▸ **Exercise inputs**
-- -- --
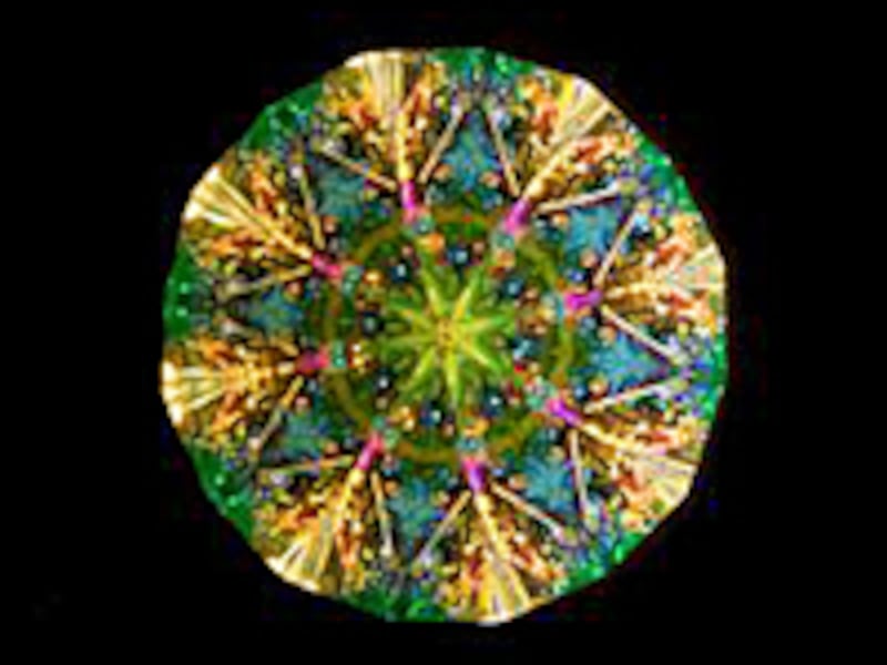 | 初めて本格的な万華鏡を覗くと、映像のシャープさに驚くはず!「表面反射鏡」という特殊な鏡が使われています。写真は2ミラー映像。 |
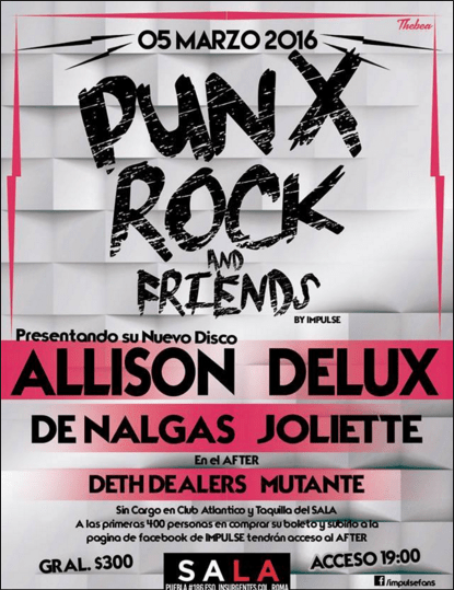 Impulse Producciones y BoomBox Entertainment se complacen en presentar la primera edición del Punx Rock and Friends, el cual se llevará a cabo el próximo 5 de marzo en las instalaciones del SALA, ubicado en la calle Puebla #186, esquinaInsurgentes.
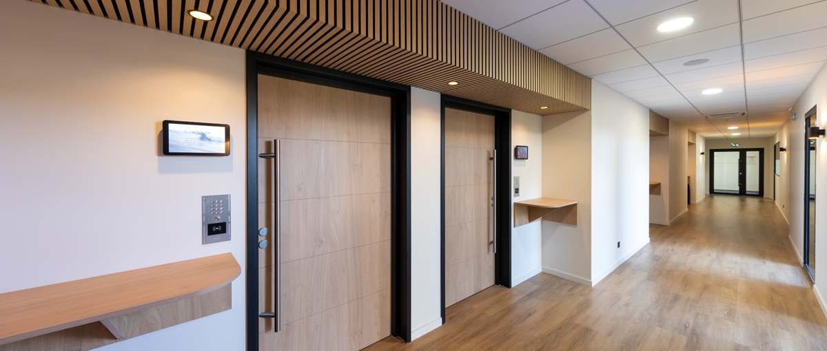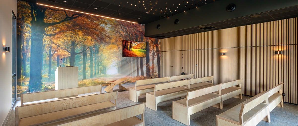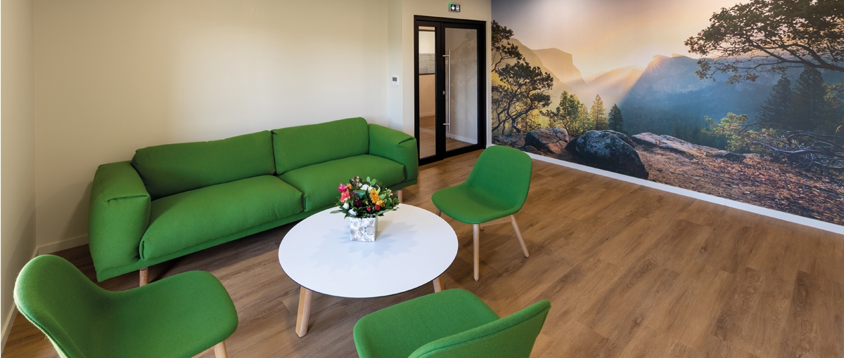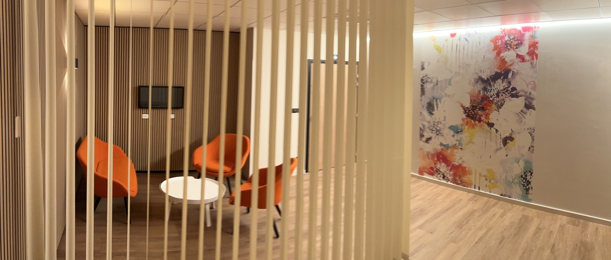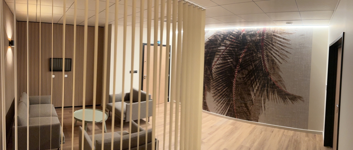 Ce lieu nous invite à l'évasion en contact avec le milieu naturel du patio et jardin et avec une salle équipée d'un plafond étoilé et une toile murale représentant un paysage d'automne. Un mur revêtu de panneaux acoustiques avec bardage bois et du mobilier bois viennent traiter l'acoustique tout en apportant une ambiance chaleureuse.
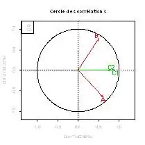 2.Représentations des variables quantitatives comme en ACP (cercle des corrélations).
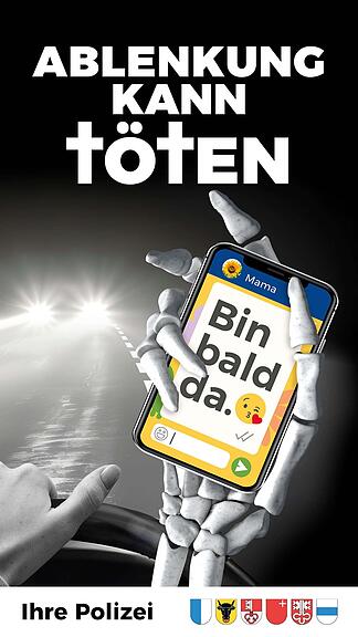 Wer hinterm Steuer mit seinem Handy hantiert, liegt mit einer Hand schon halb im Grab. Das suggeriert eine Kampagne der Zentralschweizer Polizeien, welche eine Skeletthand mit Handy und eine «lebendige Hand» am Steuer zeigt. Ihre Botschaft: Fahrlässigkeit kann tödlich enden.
-- -- --
Begin at the line that contains "2.Représentations des variables" and transcribe exactly, and only, each line through the final line of the data above, both included; the pictures do not go in.

▸ **Response to the task**
 2.Représentations des variables quantitatives comme en ACP (cercle des corrélations).
 Wer hinterm Steuer mit seinem Handy hantiert, liegt mit einer Hand schon halb im Grab. Das suggeriert eine Kampagne der Zentralschweizer Polizeien, welche eine Skeletthand mit Handy und eine «lebendige Hand» am Steuer zeigt. Ihre Botschaft: Fahrlässigkeit kann tödlich enden.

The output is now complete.